§ **Brief**: Reproduce the records below exactly from their first line through the line containing "株式会社Com2uS Japanは、スマホ向けRPG『サマナーズウォー: Sky", omitting all pictures.

§ **Input for this task**:
^^^^^^^^
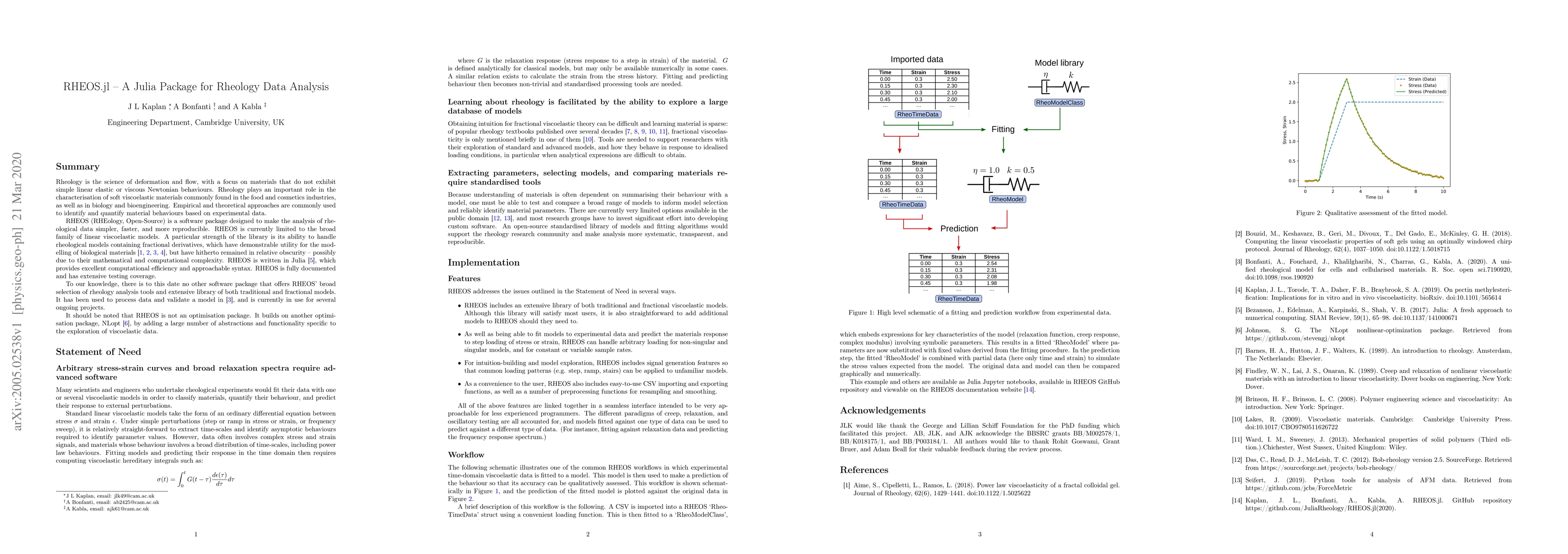 RHEOS.jl is a Julia-based open-source package designed to simplify and enhance the reproducibility of rheology data analysis, particularly for linear viscoelastic models and those involving fractional derivatives. It leverages Julia's computational efficiency and provides extensive documentation and testing.
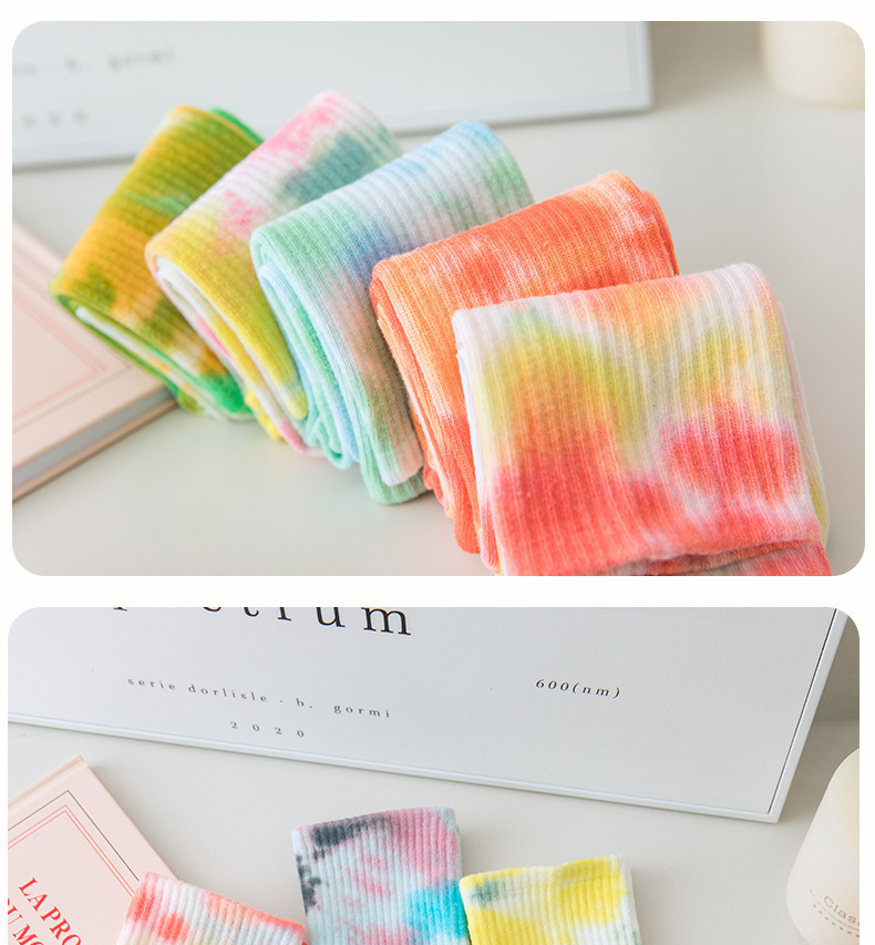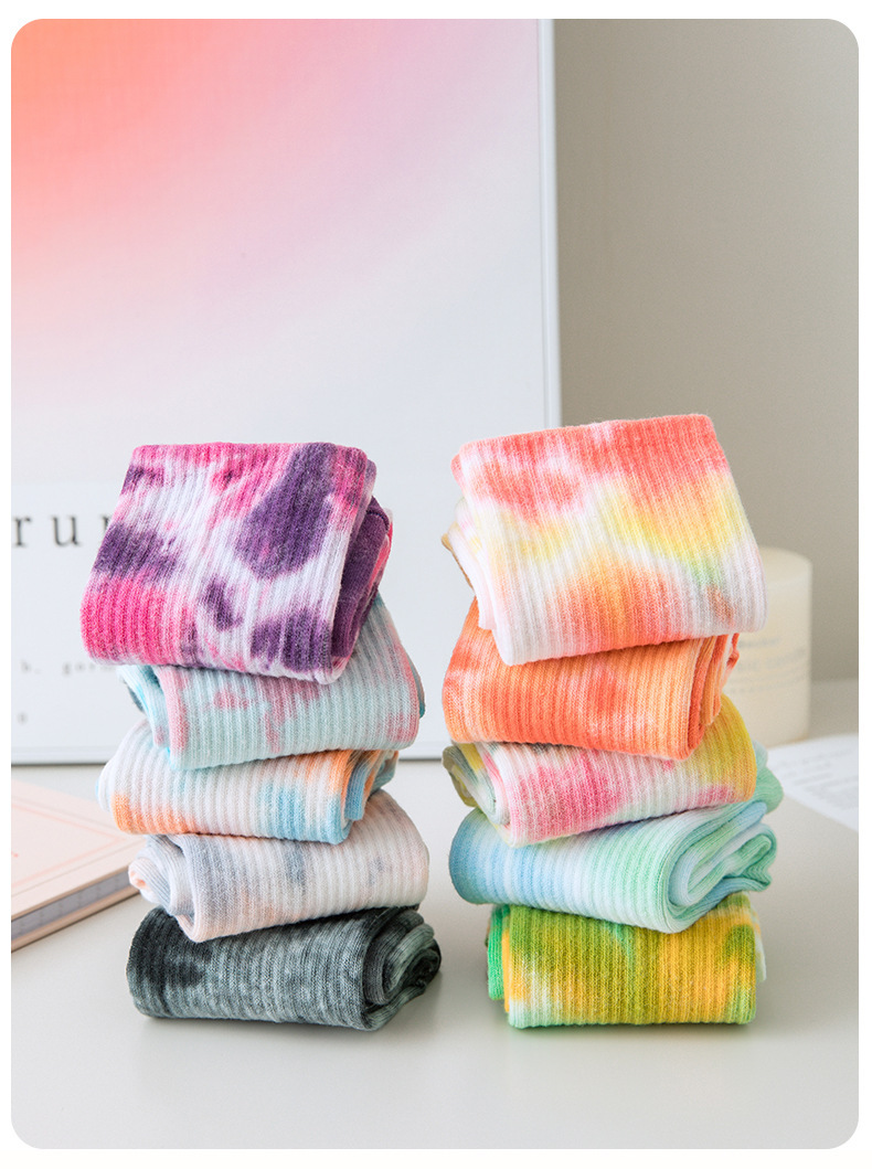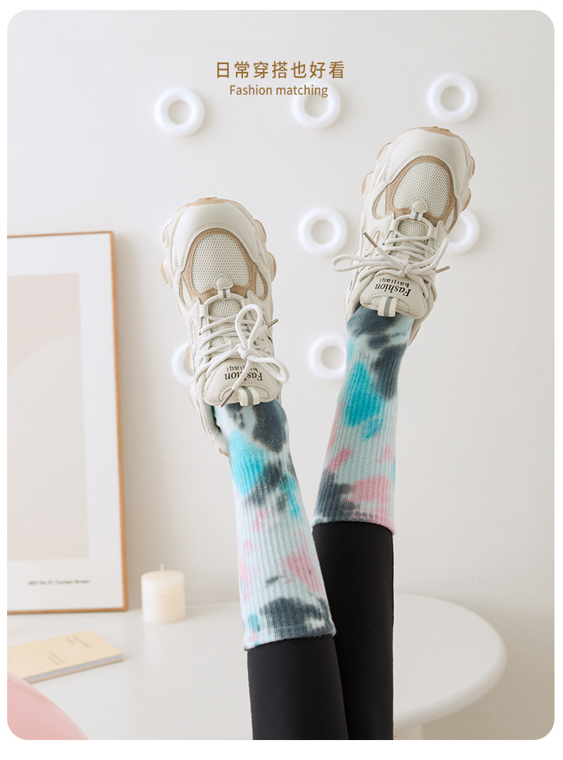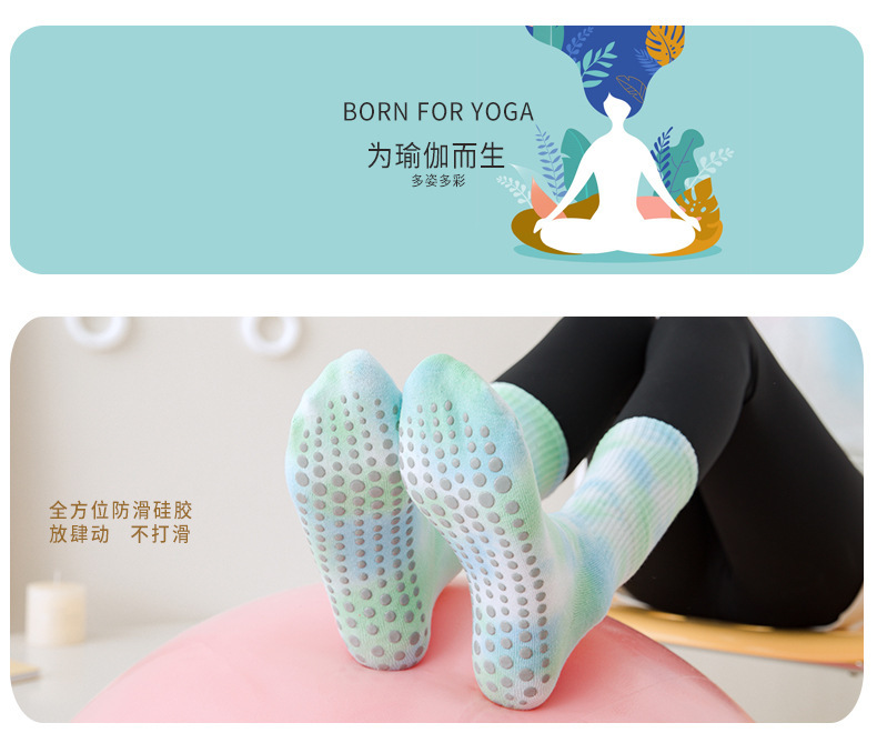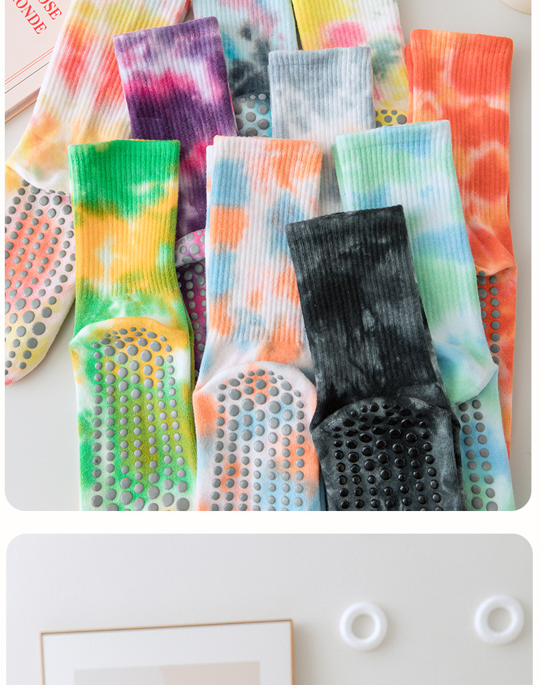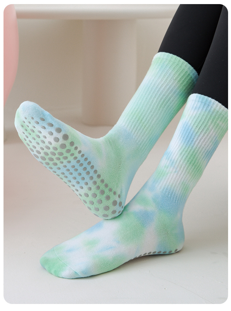 袜子女普拉提防滑中筒袜扎染跨境地板袜透气吸汗居家运动瑜伽袜子
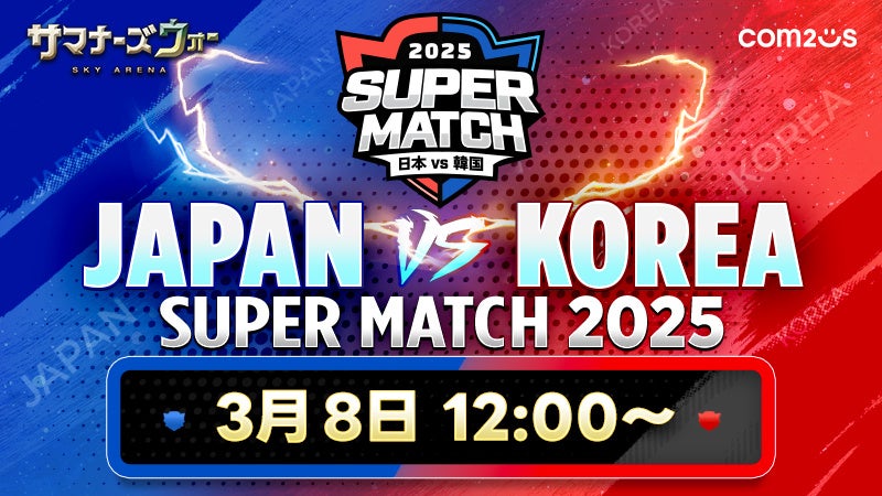 株式会社Com2uS Japanは、スマホ向けRPG『サマナーズウォー: Sky Arena』の日韓対抗戦「JAPAN vs KOREA SUPER MATCH 2025」を2025年3月8日(土)に表参道ヒルズ・スペース オーで開催すると発表しました。
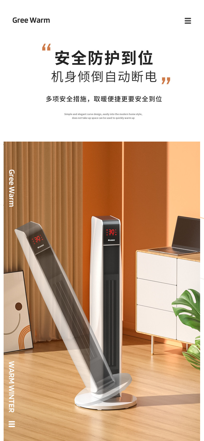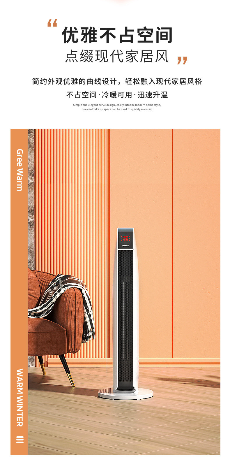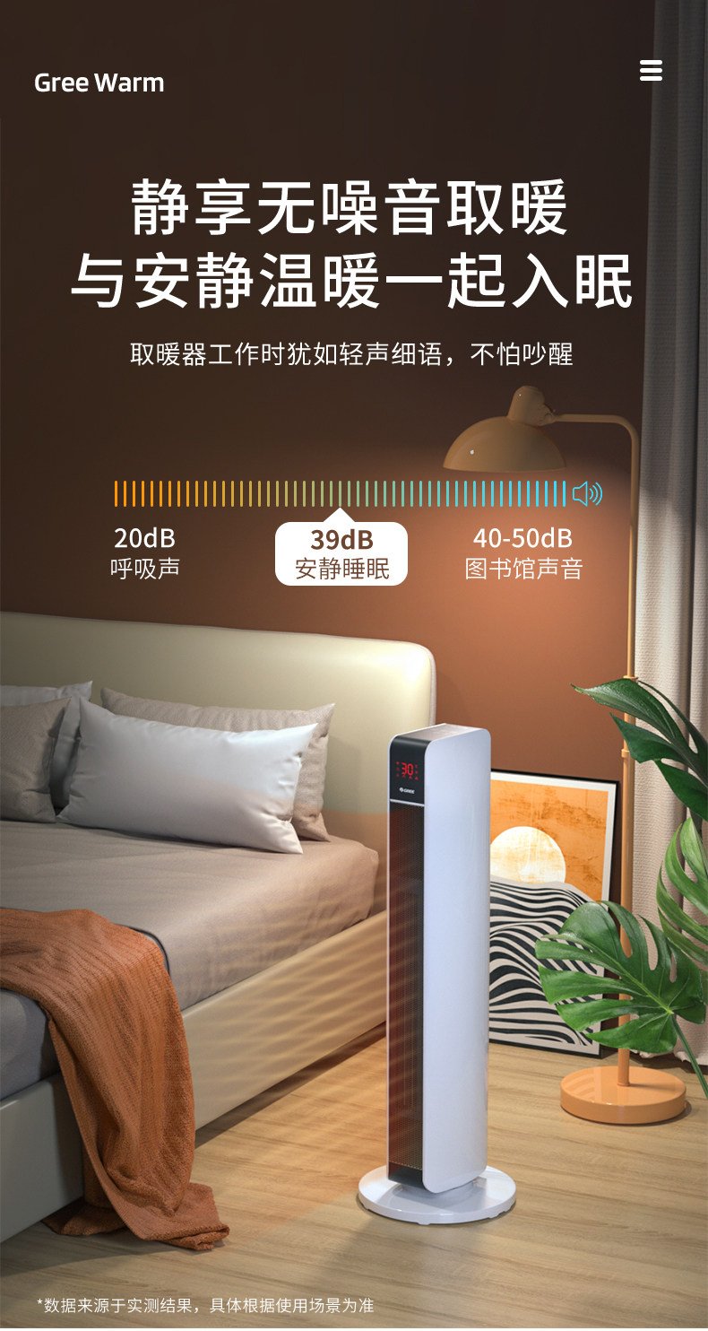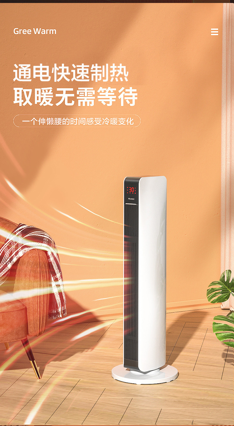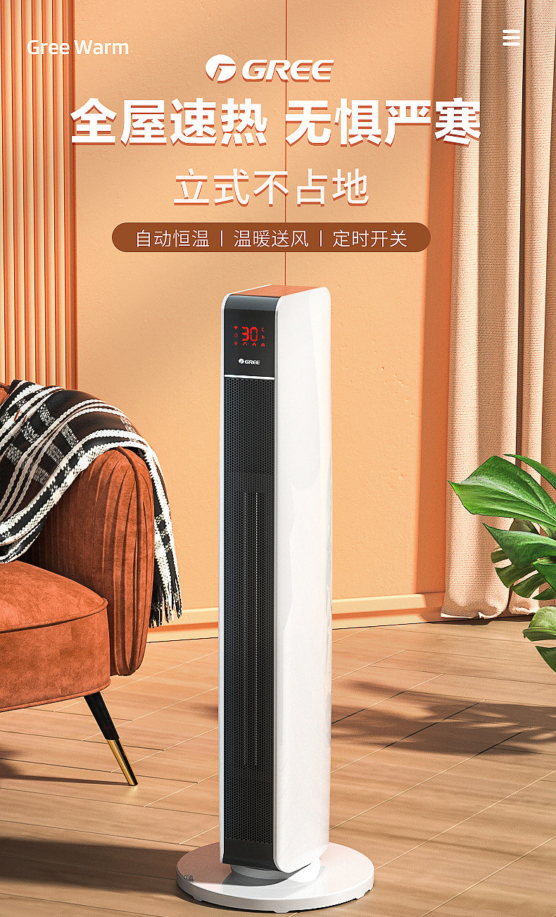 Gree Fan Heater for Home Use, Energy-Saving, Wifi, Oscillating, Electric Heater for Bedroom, Vertical, Remote Control, Fast Heating, Large Area Heater
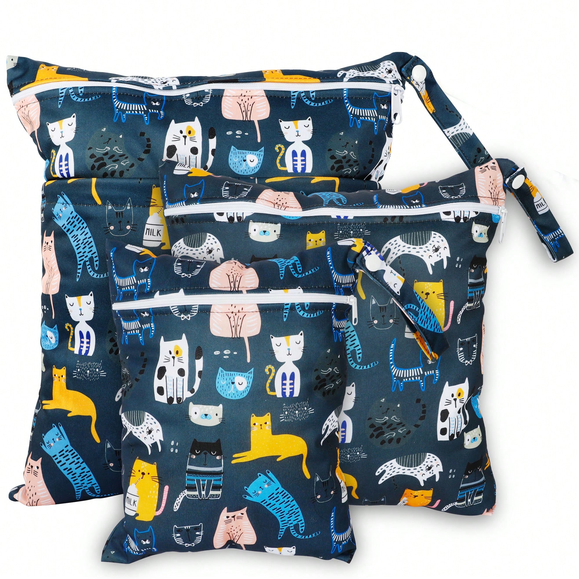 3Pcs Cloth Diaper Wet Dry Bags Waterproof Reusable With Two Zippered Pockets Travel Beach Pool Daycare Soiled Baby Items Yoga Gym Bag For Swimsuits Or Wet Clothes-Animal
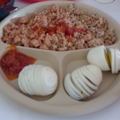 Plato con porción de guiso mixto (carne molida más lomitos) y tortillas.
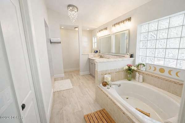 - Ceiling Fan(s), Eat-In Kitchen, Entrance Foyer, Kitchen Island, Open Floorplan, Pantry, Primary Bathroom -Tub With Separate Shower, Primary Downstairs, Split Bedrooms, Vaulted Ceiling(s), Walk-In Closet(s)
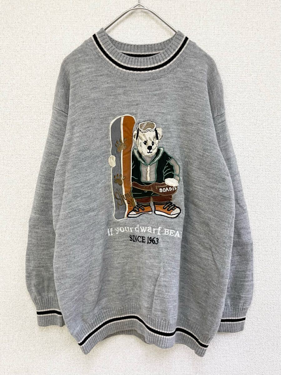 - 良品 PO・PO・LARE クルーネック ニット セーター 刺繍イラスト クマ メンズ Mサイズ相当 ウール100%
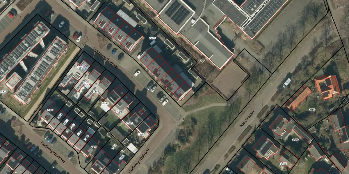 Hadewychstraat 44 is gelegen op kadastraal perceel HEE02B7420. Deze kadastrale aanduiding is uniek en wordt gebruikt door het Kadaster om eigendomsrechten en andere zakelijke rechten vast te leggen. Het perceel maakt onderdeel uit van de kadastrale gemeente Heesch.
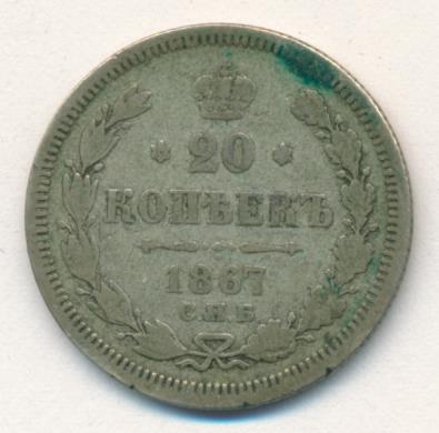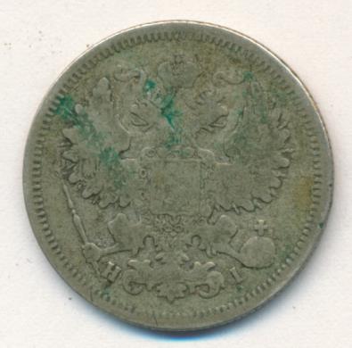 Лицевая сторона — гербовый орел, оборотная —обозначение номинала (20 копеекъ), окруженное венком из лавровой и дубовой ветвей и дата.
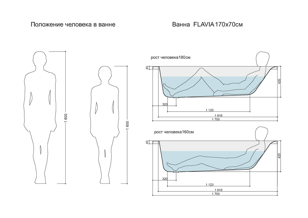 Прямоугольная ванна FLAVIA 170 (чертеж)
^^^^^^^^
§ **Written solution**:
 RHEOS.jl is a Julia-based open-source package designed to simplify and enhance the reproducibility of rheology data analysis, particularly for linear viscoelastic models and those involving fractional derivatives. It leverages Julia's computational efficiency and provides extensive documentation and testing.
 袜子女普拉提防滑中筒袜扎染跨境地板袜透气吸汗居家运动瑜伽袜子
 株式会社Com2uS Japanは、スマホ向けRPG『サマナーズウォー: Sky Arena』の日韓対抗戦「JAPAN vs KOREA SUPER MATCH 2025」を2025年3月8日(土)に表参道ヒルズ・スペース オーで開催すると発表しました。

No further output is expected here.